From the NILU Annual Report 2016: New technology brings new opportunities. So why haven’t we discarded those large monitoring stations and started using microsensors yet?
Along Norway’s roads and streets stand two different types of air quality monitoring stations. The traffic oriented stations measure pollution from traffic, and thus stand close to the road.
Urban background stations, on the other hand, must be able to capture total air pollution from various sources (traffic, heating, urban industries, natural sources, etc.), so they are found in parks or other open spaces.
Strict routines, high quality
Such monitoring stations house sensitive instruments that record very accurate data in near real-time. Thus, they are also expensive to install and operate.
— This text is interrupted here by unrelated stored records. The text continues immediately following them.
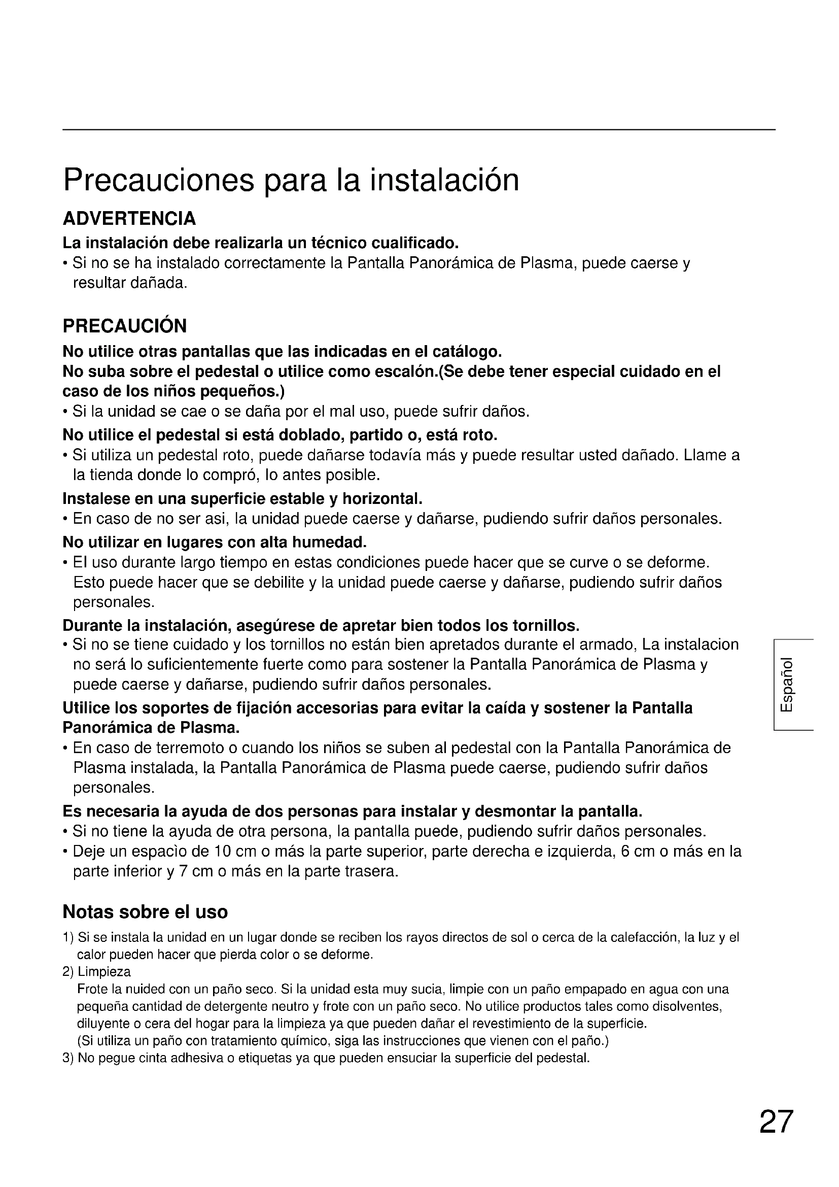 - Si no se ha instalado correctamente la Pantalla Panorámica de Plasma, puede caerse y resultar dañada. PRECAUCIÓN No utilice otras pantallas que las indicadas en el catálogo. No suba sobre el pedestal o utilice como escalón.(Se debe tener especial cuidado en el caso de los niños pequeños.)
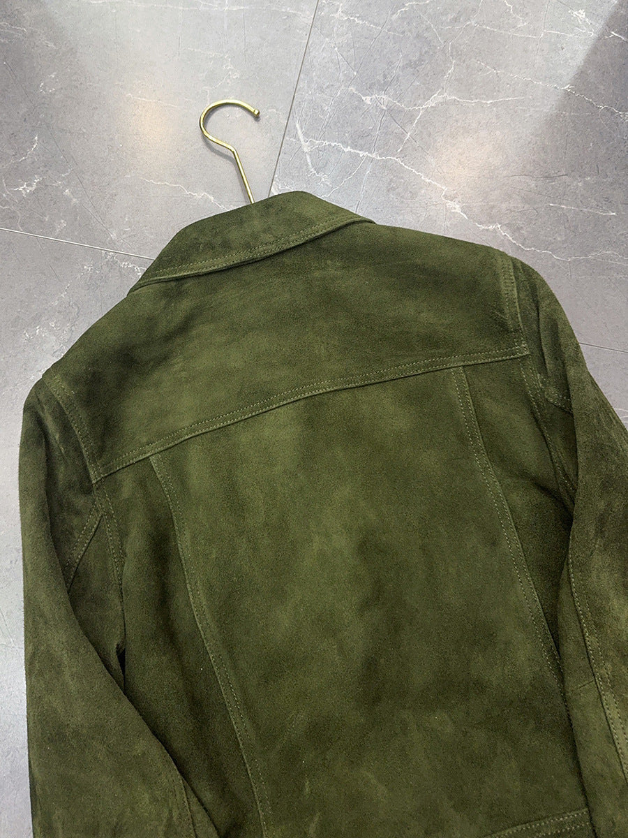 • Goatskin suede outer with soft nap and rich olive tone for autumn and winter wear
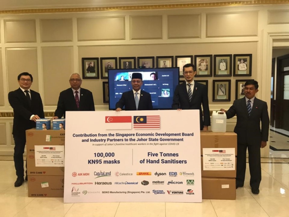 EDB及び19企業、ジョホール州政府にマスク10万枚、手指消毒液5トンを寄付
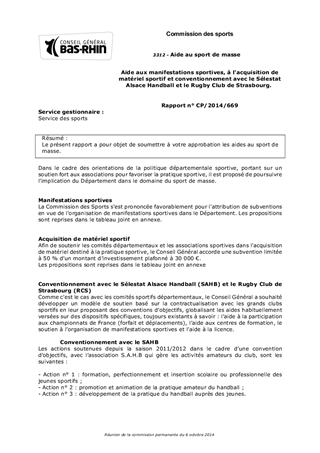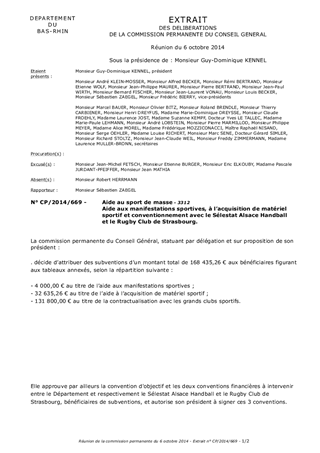 Aide aux manifestations sportives, à l’acquisition de matériel sportif et conventionnement avec le Sélestat Alsace Handball et le Rugby Club de Strasbourg.
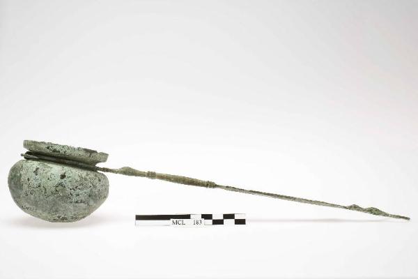 Mestolo in bronzo di tipo Pescate. Manico con l'estremità desinente a testa d'anatra e ripiegata ad anello. Anche l'estremità distale del manico è foggiata a testa d'uccello. La tazza ha forma globulare, con una stretta gola dove il filo di bronzo del manico passa e s'aggancia; orlo diritto.

– Currently, there is no alternative to these monitoring stations, says Kjersti Tørnkvist. She is Director of NILU’s Department of Monitoring and Instrumentation Technology, and thus also strongly involved in the National Reference Laboratory for Air Quality.
– We are required to monitor air quality as described in the European Air Quality Directive (2008/50/EC) and in the EU Commission Directive 2015/1480 and the Norwegian Pollution Control Act Chapter 7. Together this constitutes a very detailed regulatory framework for both what to measure, how, where and how often.
All European countries monitor air quality according to the same directives. This means they use the same reference methods and the same operating and calibration routines to ensure high quality data and low uncertainty. It also means that you can compare air quality data from cities across Europe – Tromsø with Berlin, Bergen with Barcelona.
Monitoring air quality to assess health risks
Tørnkvist is often asked why traffic oriented stations are placed next to roads, rather than in gardens or parks where people spend time outdoors.
– The location is related to what we call limit values for pollution, rules for how much pollution is allowed over a given period. These values are based on two things: what level of contamination we know can be hazardous to health, and how far away from the source of pollutants the monitoring stations are.
For instance, the limit value for NO2 is max. 200 micrograms NO2 per cubic meter of air (μg/m3) per hour. It is allowed to exceed this limit value for 18 hours a year, but the nineteenth hour past 200 μg/m3 breaks the law.
That the permitted limit value is as high as 200 micrograms is because traffic orientated stations are situated close to the source of pollution – that is, road traffic. Had the directive stated that the measurement stations were to be placed further away from the cars, the limit would have been lowered to make up for the increased distance.
– Health is the reason we monitor the air, says Tørnkvist. – The purpose is to provide authorities with real data about how the air quality actually is. This information is further used by scientists and managing authorities to develop measures that provide us with cleaner air and better health.
During recent years, microsensors have appeared on the market. Concerned citizens and other actors have begun purchasing these low cost air quality sensors to measure air quality where they live and work.
– We understand very well that people are engaged, says senior scientist Núria Castell from NILU’s Department for Urban Environment and Industry, – and we appreciate that. At the same time, it is important to orient yourself in the market.
Castell has participated in several evaluations of various types of microsensors. She believes it is important that both private citizens and others are aware that these sensors are still in the development phase.
– Most microsensors for air quality monitoring available today are so unstable that we would not advise to use them in contexts that require high data quality and reliability, she explains.
– For instance health related or regulatory monitoring.
Currently, there are no EU directives, other regulations or independent quality assurance for microsensors, as for the stationary monitoring stations used in Norway today. Thus, it is difficult to be sure that data quality from microsensors is good enough. This must be taken into account when selecting surveillance solutions to help protect the health of citizens.
– It is necessary to establish a quality check framework for microsensors to be calibrated against reference stations, explains Castell.
– Another challenge to be solved is how different weather conditions affect microsensors, for instance, when measurements are affected by changes in temperature and relative humidity.
– For now, data from microsensors must be quality assured by experts in order to be useful. We believe that the future of air quality measurement by microsensors is very promising, but for now we do not recommend using them as a basis for making health related decisions.
– Nevertheless, with proper calibration and quality control, some of the sensors on the market provide data sufficiently reliable to determine whether the air quality is good, moderate or highly polluted. What this means is that that citizens can use these microsensors to get an overall opinion of the air quality where they live, she concludes.